Developer: IO Interactive | Publisher: IO Interactive | Initial Release: 20th January 2021

Agent 47 is soon to return in IO Interactive's latest stealth assassination title, Hitman 3, and there has been some anticipation that this time players may be able to shoot things with a camera as well as a gun. Though the eighth main series entry, Hitman 3 follows on from the 2016 Hitman reboot and 2018's Hitman 2 as the third entry in the "World of Assassination" trilogy.

Now, expectation of a photo mode is a pretty standard thing for most big releases these days, but some virtual photographers have had their eyes on this particular title since IOI creative director, Mattias Engström, teased a "new camera" when talking to PlayStation Official Magazine back in Issue 178 late last year.

"One great example of how new items in Hitman 3 can be used across all three games is our new camera. You can take it with you back to the locations from Hitman 1 and 2 – but it will have some really unique and cool functions that are only possible in Hitman 3 locations."

Mattias Engström, IO Interactive Creative Director

This definitely didn't sound like a regular photo mode implementation, and the fact that certain aspects of its behaviour are dependent on Hitman 3 locations seems to suggest that there are gameplay mechanics involved, but it was not unreasonable to hope that the "unique and cool" camera features would also include some creative options.
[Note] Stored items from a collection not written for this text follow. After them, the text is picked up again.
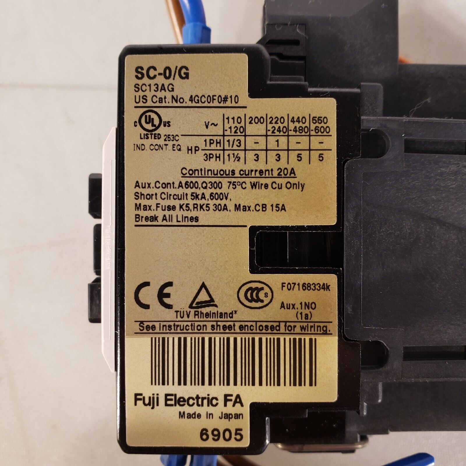 Fuji Electric SC-0/G Contactor 24V DC Max 20A 3 Phase 4GC0F0#10.
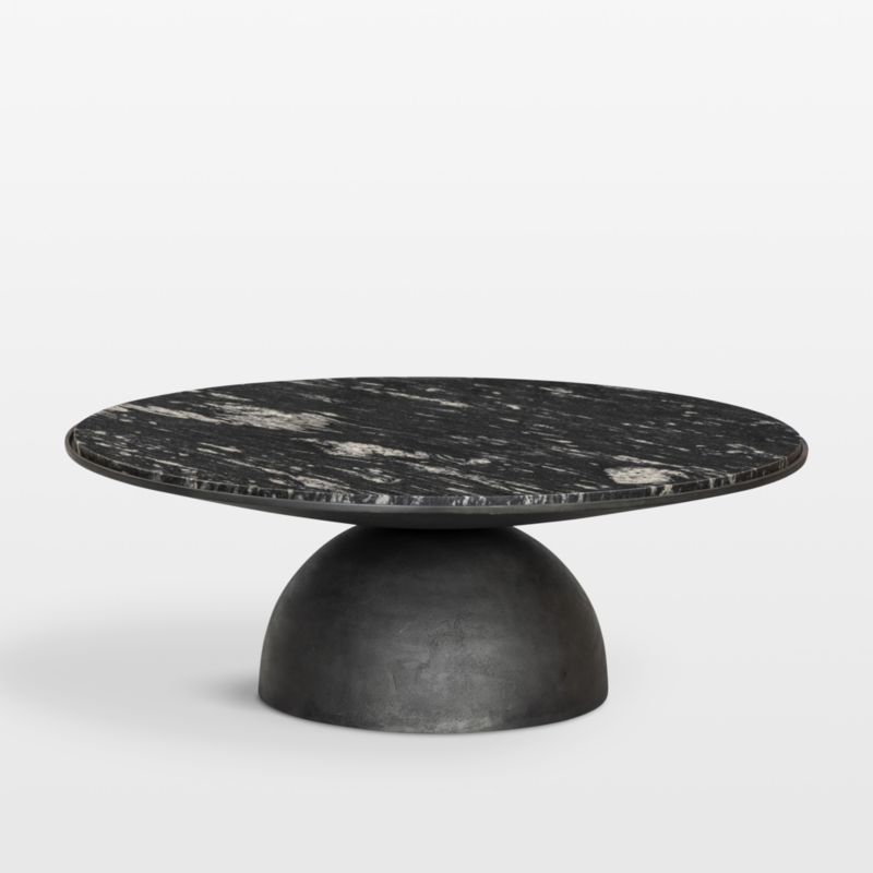 A true work of art, sculptural Dev perfectly balances two sliced spheres to create this gorgeous mixed-material coffee table. Hammered for light-catching texture, the grey-finished aluminum base curves in and out to support an inset tabletop of back marble. We love Dev's visual interplay of rustic metal and dynamically veined marble.
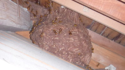 巣を見つけたら出来るだけ刺激せず、その場に近寄らず、早々に弊社のような専門業者を手配して、駆除を行う事をお勧めします。
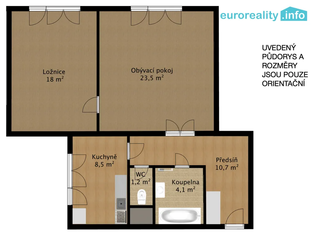 Dispozici tvoří dva velké pokoje, samostatná kuchyně, koupelna, toaleta a prostorná chodba s dostatkem místa pro úložné prostory. Byt je vybaven plynovým kotlem, který zajišťuje jak vytápění, tak ohřev teplé vody.

Well, that speculation has all but come to an end now as Game Informer's exclusive video takes a closer look at the game's new multifunction camera.


Described as an "essential tool for professional and playful means", the camera is demonstrated in a gameplay capacity to hack locked doors gain additional intel on the mission location, or provide evidence of completed objectives. We even get a quick look at the camera in-hand via a window reflection and can see a typical compact camera design.
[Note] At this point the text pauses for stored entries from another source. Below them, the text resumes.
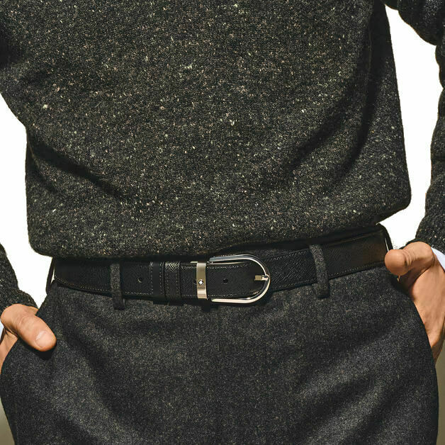 Cintura Montblanc realizzata in pelle reversibile in pele con stampa Saffiano e in pelle liscia classica. Fibbia in acciaio a forma di ferro di cavallo con finiture palladio.
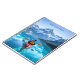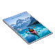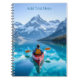 Personalised Notebook with an illustration of a man kayaking in the ocean by the snow topped mountains. Pretty serene blue tranquil water and pine trees surround him on a peaceful journey.
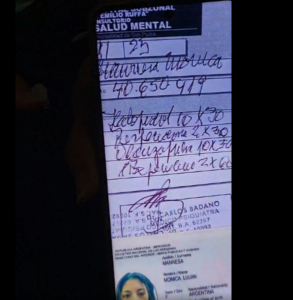 “Tenía inyectables, pastillas y rescates. Los rescates eran para doparla, para dejarla quieta, digamos. Porque según ellos, ella tenía brotes psicóticos”, expresó.
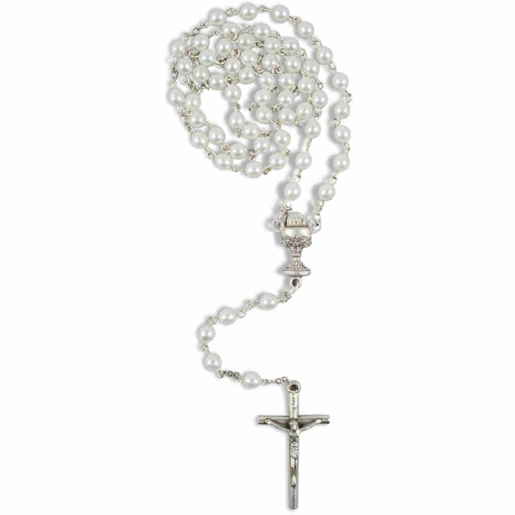 Glas Rosenkranz rosa Perle rund mit Kelch & Metallkreuz 41 cm
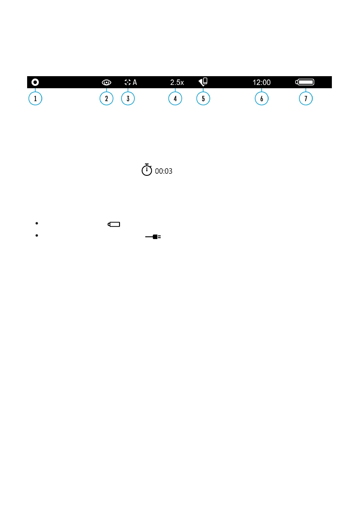The status bar at the bottom of the display shows current operating statuses via icons,

The "point-and-shoot" nickname of such devices may be quite appropriate here as, aside from zoon, depth of field and some basic preset filters, the camera tool doesn't include any other creative options that you may expect from a modern photo mode.
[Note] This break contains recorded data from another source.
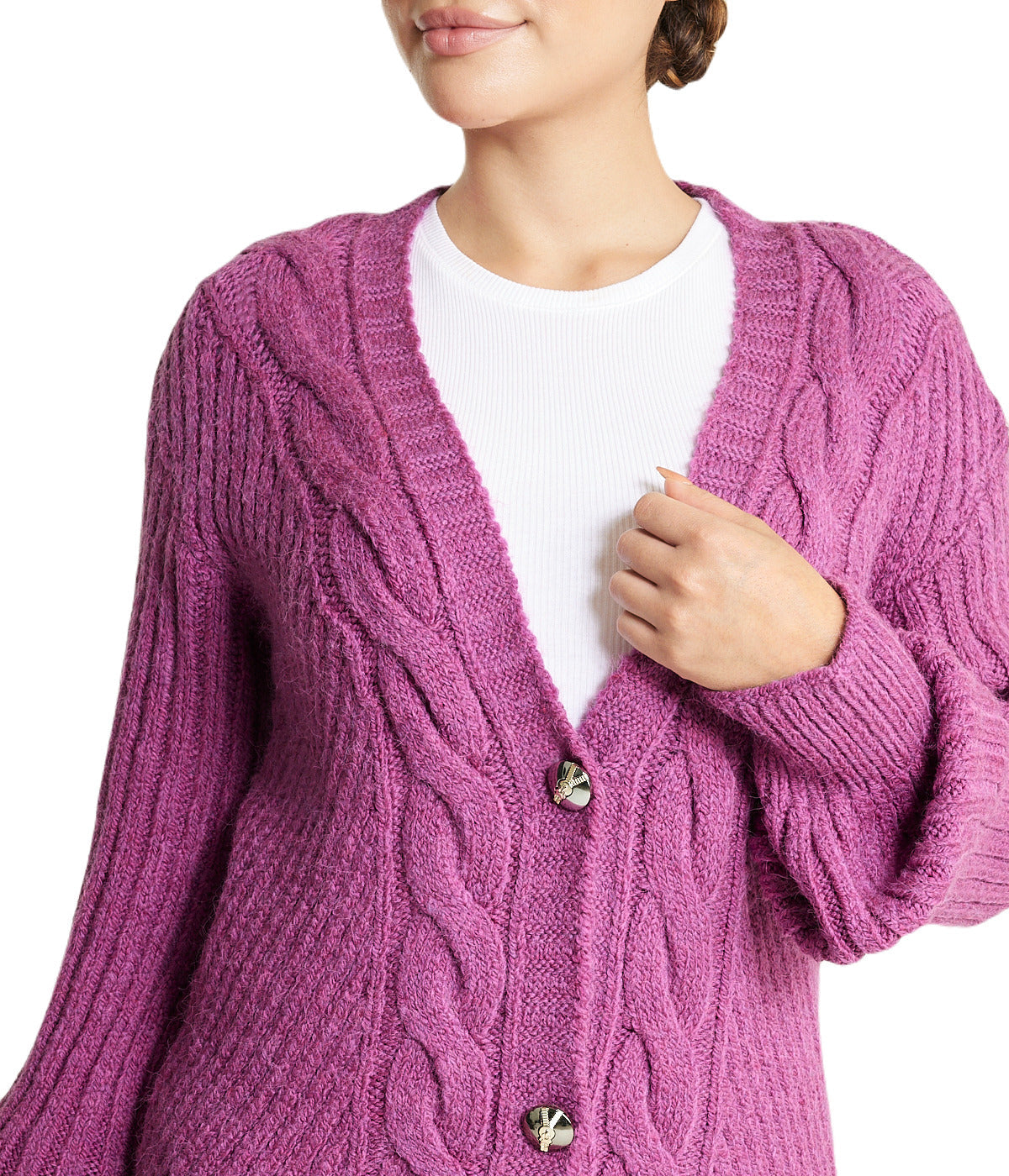 Stay cozy and stylish this season with our Ladies’ Cable Cardigan made of an acrylic blend. This sweater is designed to provide the ultimate combination of comfort and style. making it a must-have for your wardrobe. This garment runs small. please size up.
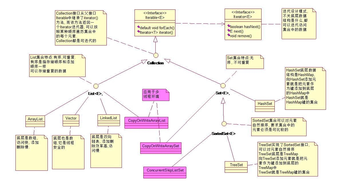 Collection 接口的接口 对象的集合(单列集合) ├——-List 接口:元素按进入先后有序保存,可重复 │—————-├ LinkedList 接口实现类, 链表, 插入删除, 没有同步, 线程不安全 │—————-├ ArrayList 接口实现类, 数组, 随机访问, 没有同步, 线程不安全 │—————-└ Vector 接口实现类 数组, 同步, 线程安全 │ ———————-└ Stack 是 Vector 类的实现类 └——-Set 接口: 仅接收一次,无序不可重复,并做内部排序 ├—————-└HashSet 使用 hash 表(数组)存储元素 │————————└ LinkedHashSet 链表维护元素的插入次序 └ —————-TreeSet 底层实现为二叉树,元素排好序
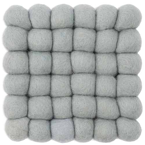 Rechteckiger Filzkugelteppich, hergestellt aus reiner Schurwolle.

Perhaps that will be enough to interest some people, with fewer settings to distract from the shot itself, but it does seem like something of a missed opportunity. The main limitation in my opinion is likely to be in camera positioning; along with lighting, composition can be considered as the most important part of any photograph and with nothing more than a little pan & tilt from a hand-held position, I don't see the Hitman 3 camera nailing many creative contracts.